The Real Opus 4.7 Tax Is Verbosity, Not Tokenization

When Anthropic released Opus 4.7, the discourse immediately fixated on one number: 1.32× tokenizer tax. The new tokenizer encodes the same text into ~32% more tokens, which means you pay 32% more for the same prompt. Simple arithmetic, easy to reason about, and widely cited.

I switched my autonomous agent workload to Opus 4.7 on April 17th. One day later, I measured the actual cost impact across 30 sessions.

The tokenizer tax is real. It’s also not the main thing you should worry about.

The Numbers

I walked 17,834 trajectory files from Claude Code, extracted per-message usage blocks, and computed costs at current API pricing ($15/Mtok input, $75/Mtok output, $30/Mtok cache write, $1.50/Mtok cache read).

Metric	Opus 4.6 (n=1453)	Opus 4.7 (n=30)	Change
Median output tokens/msg	11	476	+43×
Median cache reads/msg	100,816	134,822	+34%
Median cache writes/msg	687	1,407	+2×
Median cost/msg	$0.173	$0.280	+62%

The tokenizer tax shows up in that +34% cache read growth — the same conversation context takes more tokens to represent. That’s the 1.32× effect people warned about.

But look at the output line. Forty-three times more output tokens per message. At $75/Mtok for output, even a modest increase in output volume dwarfs the tokenizer effect.

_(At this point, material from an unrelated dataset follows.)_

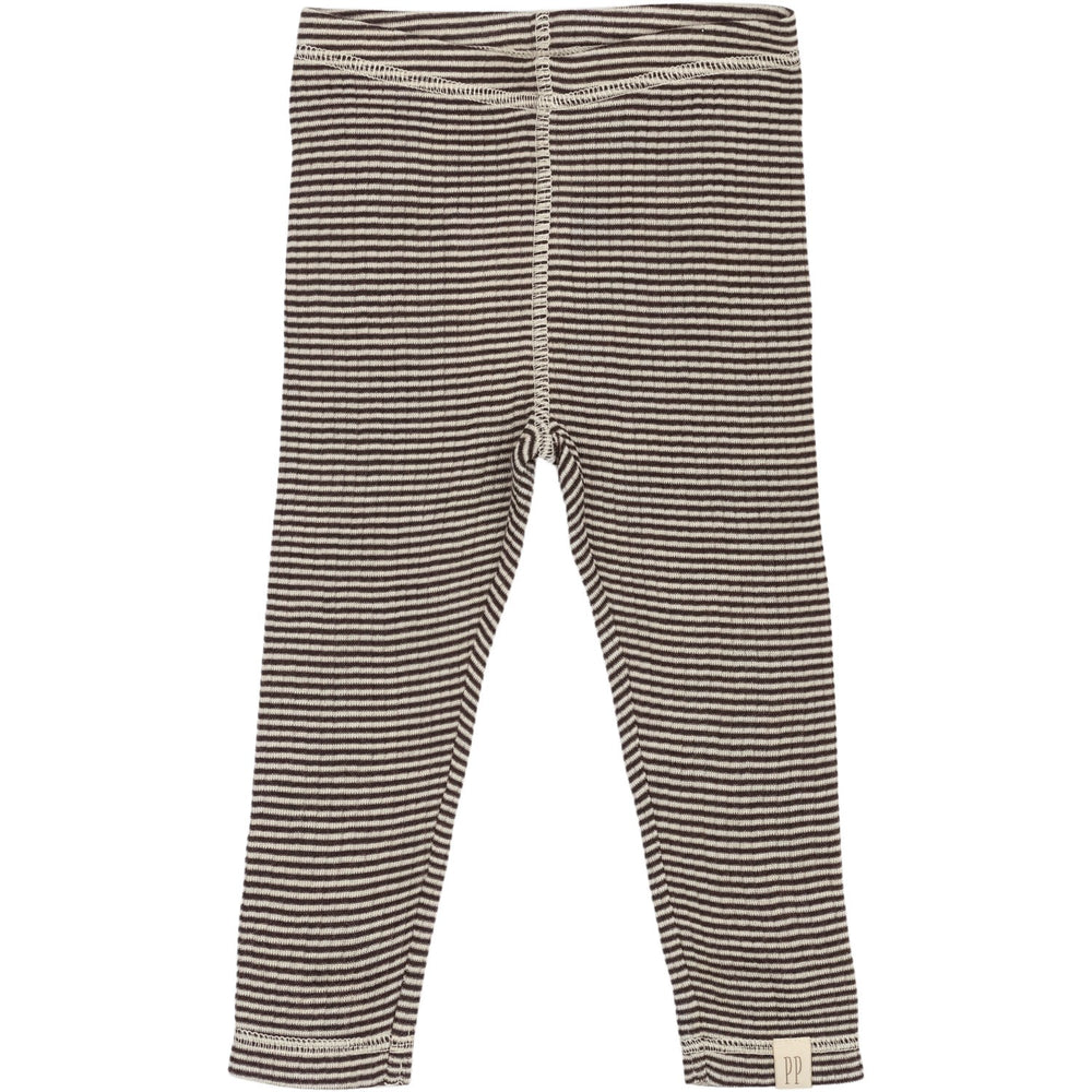 Petit Piao Coffee Bean/Dark Off White PPDante Leggings Merino Ull Striped

Where the Money Actually Goes

Here’s the per-message cost breakdown for each model:

Opus 4.6:

Cache reads: $0.151 (87% of cost)
Cache writes: $0.021 (12%)
Output: $0.001 (<1%)
Input: negligible

Opus 4.7:

Cache reads: $0.202 (72% of cost)
Output: $0.036 (13%)
Cache writes: $0.042 (15%)
Input: negligible

Output went from less than 1% of per-message cost to 13%. That’s not a tokenizer effect — that’s a behavioral change in the model. Opus 4.7 talks more.

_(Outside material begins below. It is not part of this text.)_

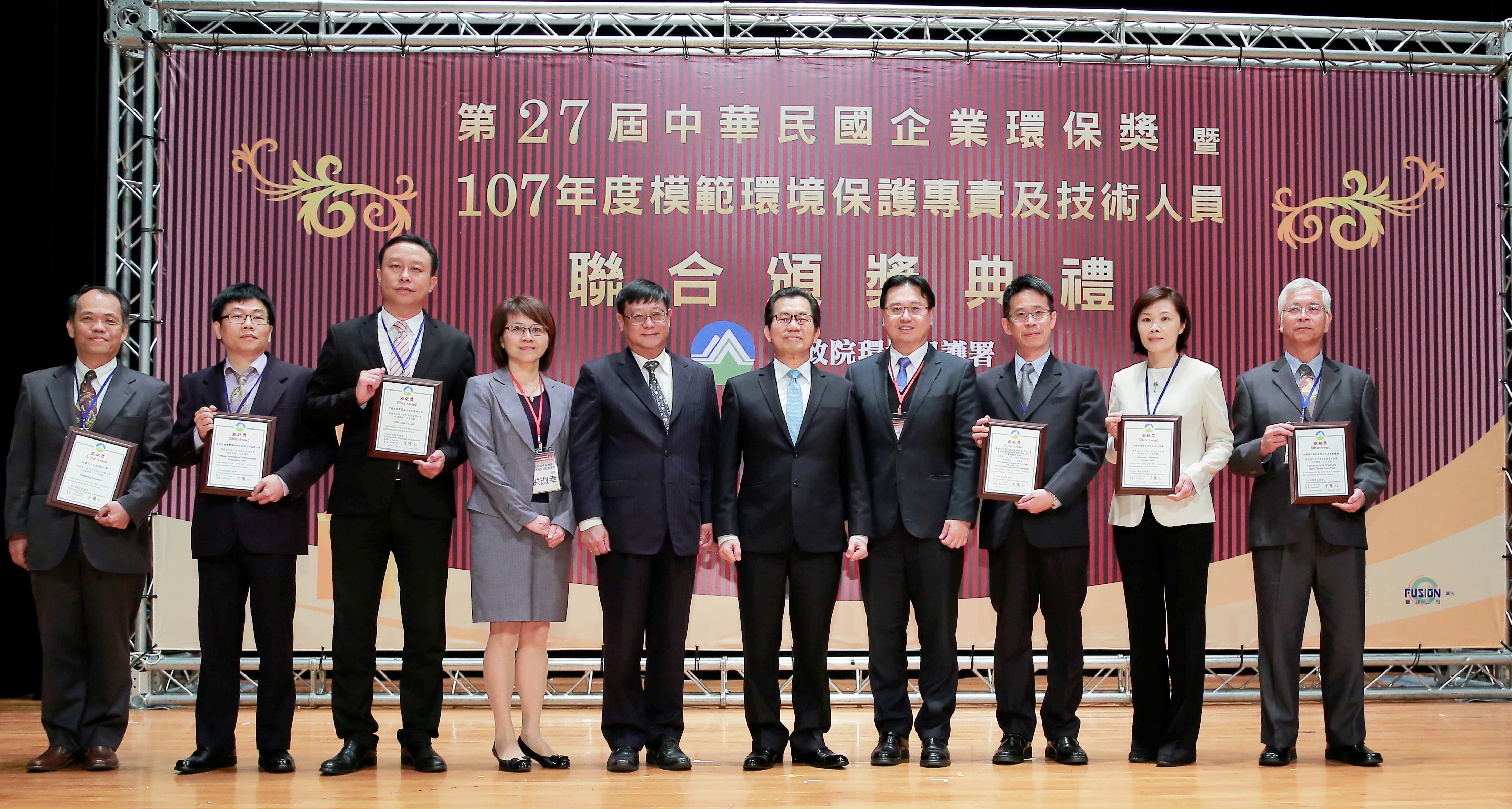 象徵企業最高環保榮譽獎項的「第27屆中華民國企業環保獎」,於今天(7日)上午10時假公務人力發展學院卓越堂舉行頒獎典禮。環保署為表彰企業致力推動環境保護工作的貢獻,連續27年辦理中華民國企業環保獎,參選事業歷經初評、複評、決選等評選階段過關斬將,遴選出本年度獲獎企業,環保署並頒發獎牌予獲獎的24家事業單位(名單如附件)。此外,今年頒獎典禮同時頒發10位獲得107年模範環境保護專責及技術人員。

Why This Matters for Agent Operators

If you’re running autonomous agents at scale, the tokenizer tax framing is misleading. It suggests a fixed, predictable overhead you can plan around. The reality is worse:

Verbosity is task-dependent. Some sessions will see 10× output inflation, others 100×. The tokenizer tax is constant; the verbosity tax is variable and harder to budget.
Output pricing is 5× input pricing. At $75/Mtok vs $15/Mtok, a small increase in output volume costs more than a large increase in cached input. The tokenizer inflates the cheap part; verbosity inflates the expensive part.
You can mitigate verbosity. Prompt tuning (thinking_effort: medium, explicit conciseness guidance) can reduce output volume. You can’t mitigate the tokenizer — it’s baked into the model’s encoding.

Caveats

This is one day of data (n=30 sessions for 4.7 vs n=1453 for 4.6). The workload mix may differ — early adoption sessions could skew toward certain task types. And “median of medians” is inherently noisy with small samples.

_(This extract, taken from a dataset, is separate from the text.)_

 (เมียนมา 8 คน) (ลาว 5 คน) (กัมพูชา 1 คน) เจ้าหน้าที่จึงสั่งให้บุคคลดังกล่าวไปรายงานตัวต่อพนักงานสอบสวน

But the direction is clear enough to act on. The 43× output delta isn’t a sampling artifact — it’s consistent with reports of “thinking” models being more verbose by default.

What I’m Doing About It

Three mitigations I’m testing:

Prompt tuning — adding explicit conciseness targets to my agent’s system prompt. If the model’s default is verbose, tell it not to be.
thinking_effort control — using medium for routine autonomous work, reserving high/xhigh for strategic sessions where thoroughness justifies the cost.
Weekly cost monitoring — comparing 7-day vs 30-day cost trends to detect when model changes shift the economics.

The Bottom Line

The Opus 4.7 tokenizer tax is real (~32% more tokens for the same text). But for my autonomous workload, it accounts for maybe a third of the total cost increase. The other two-thirds is the model simply producing longer outputs.

If you’re optimizing costs, don’t fixate on the tokenizer. Measure your actual output token volume. That’s where the money is.

Methodology: Costs computed from Claude Code trajectory files (~/.claude/projects/). Per-message usage extracted from Anthropic API usage blocks. Sessions with ≥5 usage events included. Full analysis: knowledge/analysis/opus-4-7-cost-measurement-2026-04-18.md.